La explicación a esa mezcla de mitin y misa, de lo ideológico y lo paranormal, es la de siempre: tratan de captar a esos seguidores y que los avalen en las urnas. Aquí sirve todo, quizá porque, al final, es irrelevante, tampoco piensan cumplir lo que prometan y en el mundo de los embaucadores lo que importa es lo que se consigue, no a quiénes se engaña para lograrlo. Feijóo, eso sí, no sabe irse de marcha, pero irse de viaje a Europa para hablar allí mal de España, todas las veces que haga falta; o dibujar una imagen apocalíptica y falsa de la situación actual de nuestro país y poner palos en las ruedas que dificulten la entrega de más fondos de ayuda, tan necesarios, tan justos tras el esfuerzo que hemos hecho para salir de las arenas movedizas de la pandemia. La cuestión es qué harían con ellos si los pusiesen en sus manos, pero eso se responde solo: lo de siempre, derivarlos a empresas privadas, como hace Juanma Moreno con la sanidad de Andalucía o la propia Ayuso con la de Madrid, porque el negocio es lo primero y quien siembra adjudicaciones recoge donaciones, que luego vienen muy bien a la hora de financiarse: tú pones la licencia para la explotación de un hospital o la construcción de una infraestructura y te quedan muy agradecidos, en deuda, hoy por ti y mañana por mí, que además somos los mismos en diferentes versiones.
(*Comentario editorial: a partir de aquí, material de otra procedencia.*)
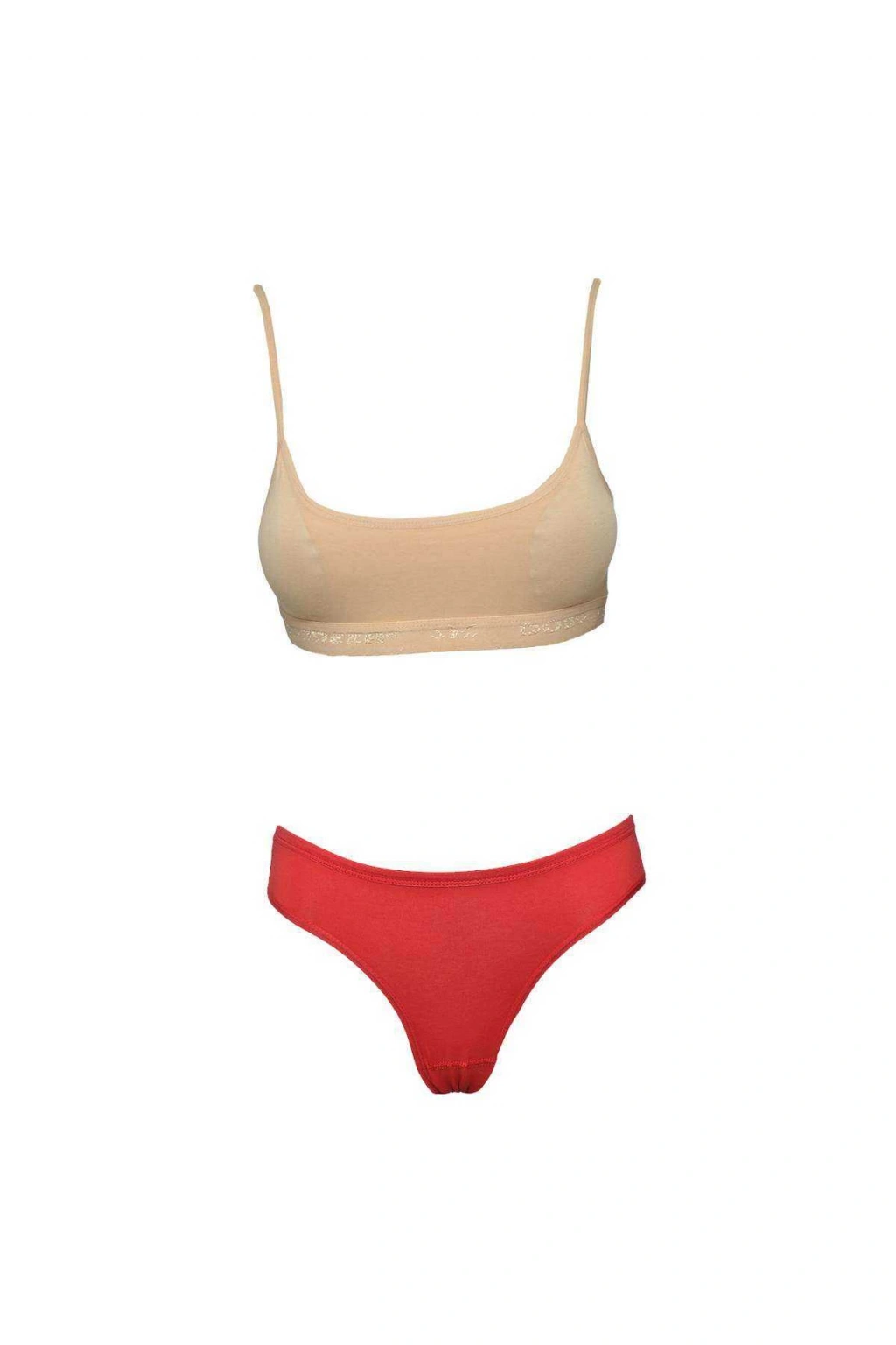 PAKET İÇERİĞİ; 1 ADET TEN RENGİ PEDLİ BÜSTİYER 1 ADET KIRMIZI LİKRALI SLİP KÜLOT
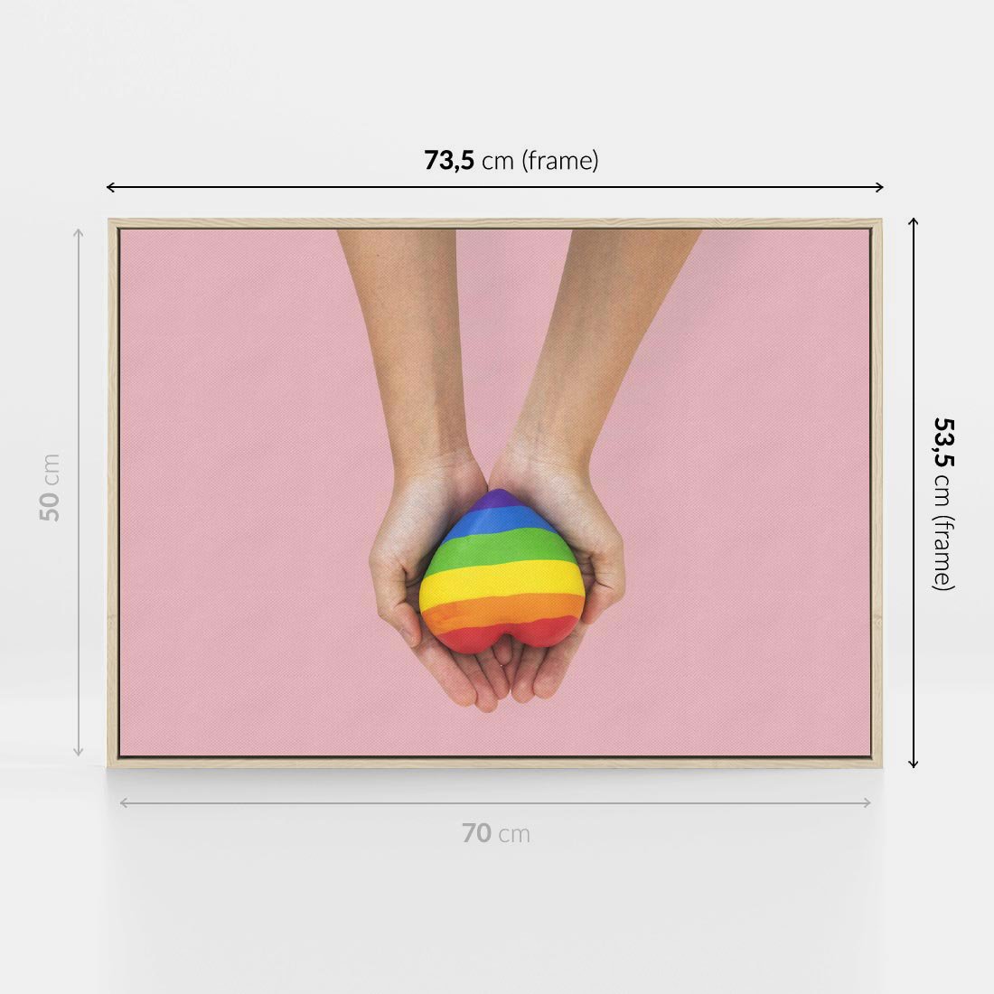 Obraz w ramie 70x50 - Miłość na Dłoniach - zdjęcie, dłonie trzymają ulepione tęczowe serce - rama drewno

Núñez Feijóo no le hace ascos a nada, ni siquiera se sabe ya si toda su imagen era inventada, si alguna vez fue la persona que se nos vendía, el estadista sereno, equilibrado, distante de los extremismos de una parte de su partido. O no lo era o ha dejado de serlo, y lo que ahora es resulta preocupante, dada la alternativa que asoma por el horizonte, que es el ala dura de los suyos, amoral como mínimo, ruidosa pero vacía, dada al trapicheo y la compra-venta, populista sin complejos, carente de límites morales, desastrosa en la gestión, sospechosa de actos que acabaron en tragedia y, ante todo, capaz de lo que sea, absolutamente de lo que sea, para no perder ese poder que le ha llovido del cielo, aunque para que no se lo quiten haya que propagar casa por casa las llamas de ese infierno del que hablaba la oradora que el otro día subieron al escenario.